ABOUT THIS TASK: Would you reproduce the whole listing exactly, dropping any pictures it holds?
*** Opening DATA BELOW ***
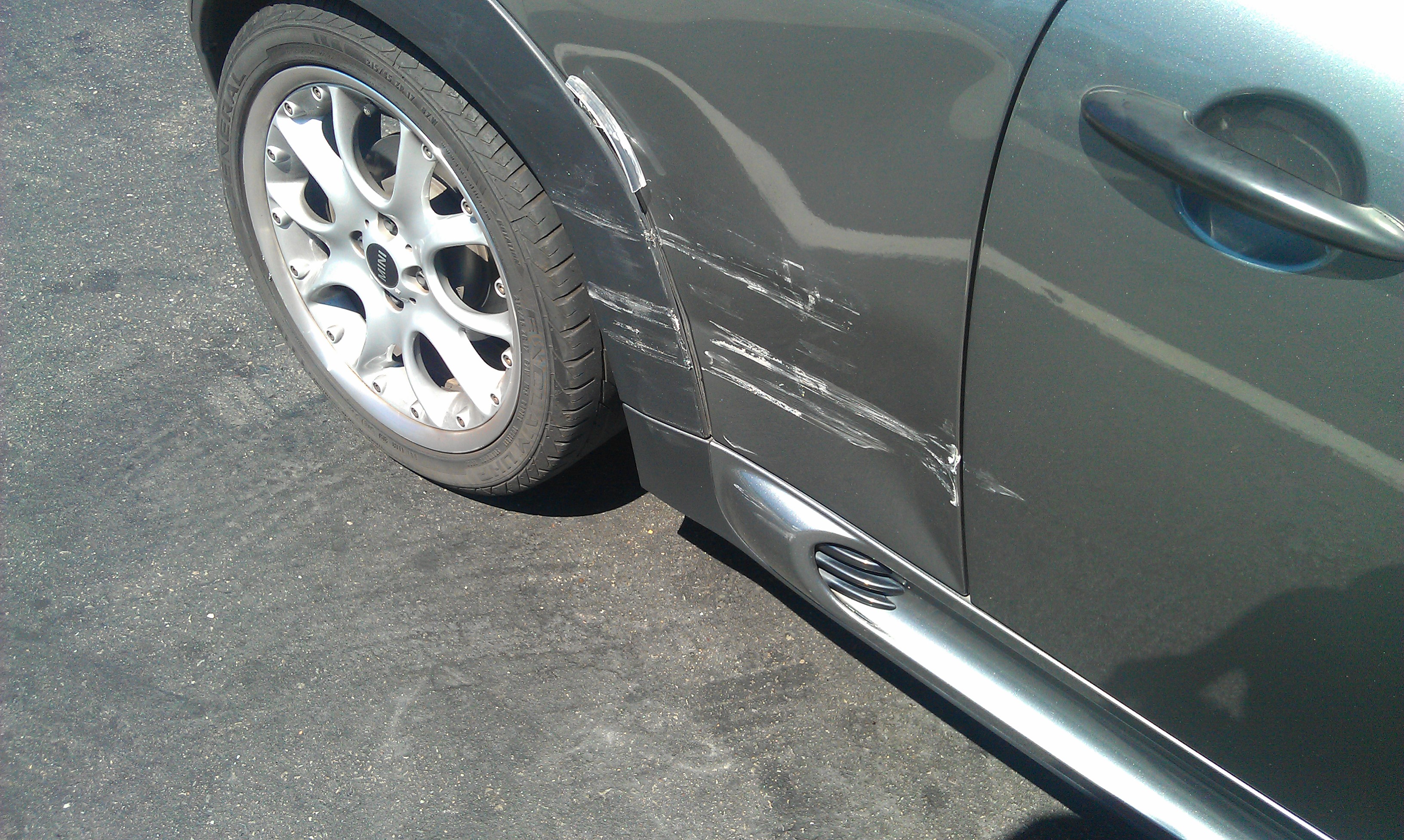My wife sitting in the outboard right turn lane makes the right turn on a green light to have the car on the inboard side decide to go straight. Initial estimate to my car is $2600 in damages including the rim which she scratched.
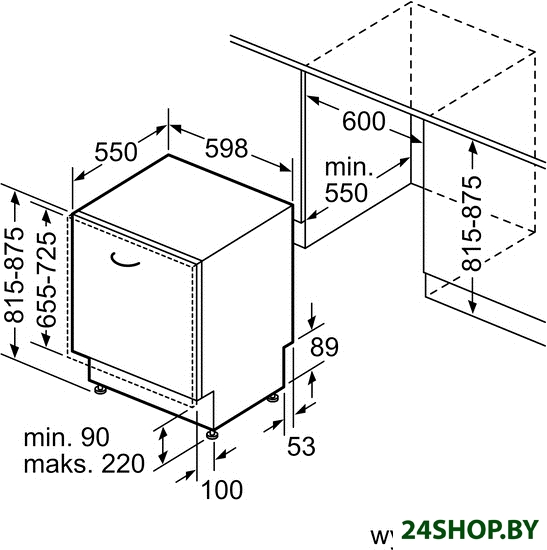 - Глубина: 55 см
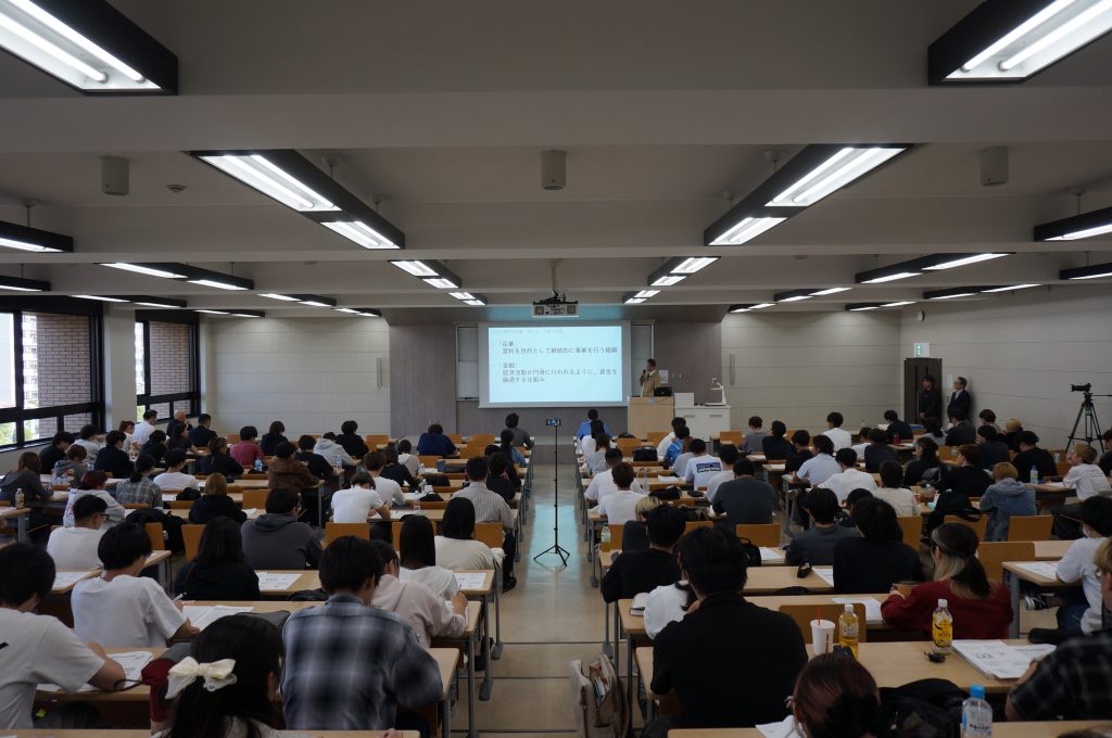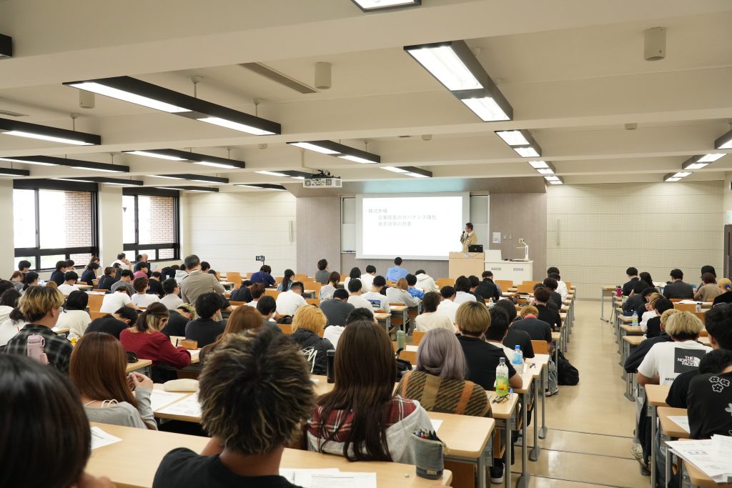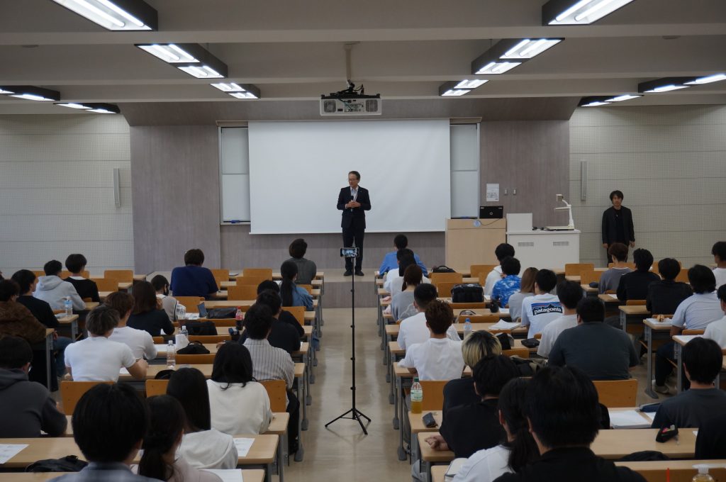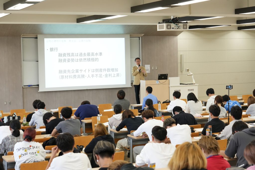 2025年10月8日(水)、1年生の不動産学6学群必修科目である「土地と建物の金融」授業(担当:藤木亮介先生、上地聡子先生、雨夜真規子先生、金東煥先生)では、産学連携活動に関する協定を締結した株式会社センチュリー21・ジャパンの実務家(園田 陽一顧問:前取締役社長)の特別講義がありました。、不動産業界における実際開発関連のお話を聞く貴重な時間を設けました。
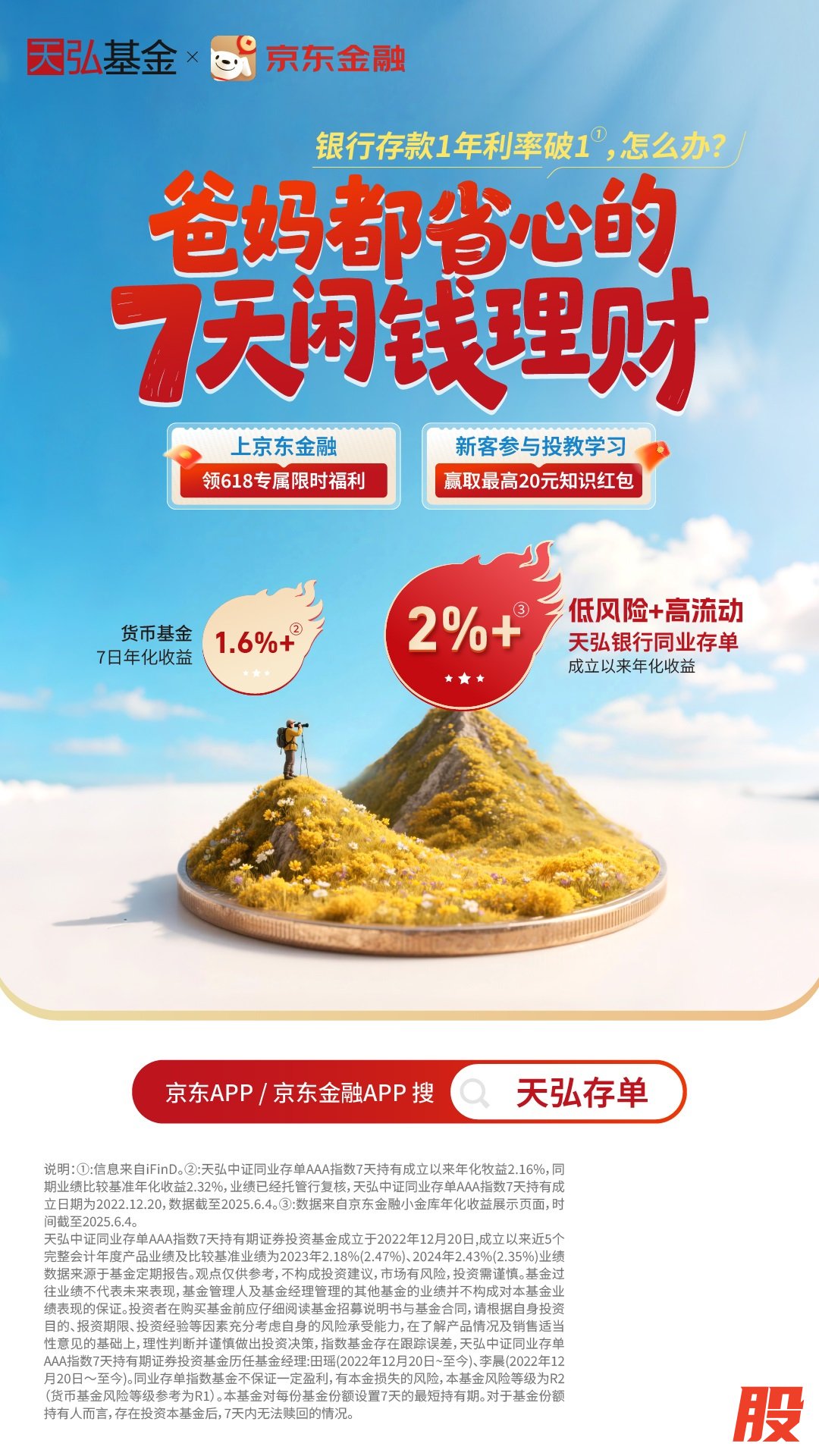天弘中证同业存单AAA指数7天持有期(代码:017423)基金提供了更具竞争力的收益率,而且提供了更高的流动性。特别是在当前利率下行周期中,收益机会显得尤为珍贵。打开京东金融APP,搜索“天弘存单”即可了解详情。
*** Closing DATA BELOW ***
RESPONSE TO THIS TASK:
My wife sitting in the outboard right turn lane makes the right turn on a green light to have the car on the inboard side decide to go straight. Initial estimate to my car is $2600 in damages including the rim which she scratched.
 - Глубина: 55 см
 2025年10月8日(水)、1年生の不動産学6学群必修科目である「土地と建物の金融」授業(担当:藤木亮介先生、上地聡子先生、雨夜真規子先生、金東煥先生)では、産学連携活動に関する協定を締結した株式会社センチュリー21・ジャパンの実務家(園田 陽一顧問:前取締役社長)の特別講義がありました。、不動産業界における実際開発関連のお話を聞く貴重な時間を設けました。
天弘中证同业存单AAA指数7天持有期(代码:017423)基金提供了更具竞争力的收益率,而且提供了更高的流动性。特别是在当前利率下行周期中,收益机会显得尤为珍贵。打开京东金融APP,搜索“天弘存单”即可了解详情。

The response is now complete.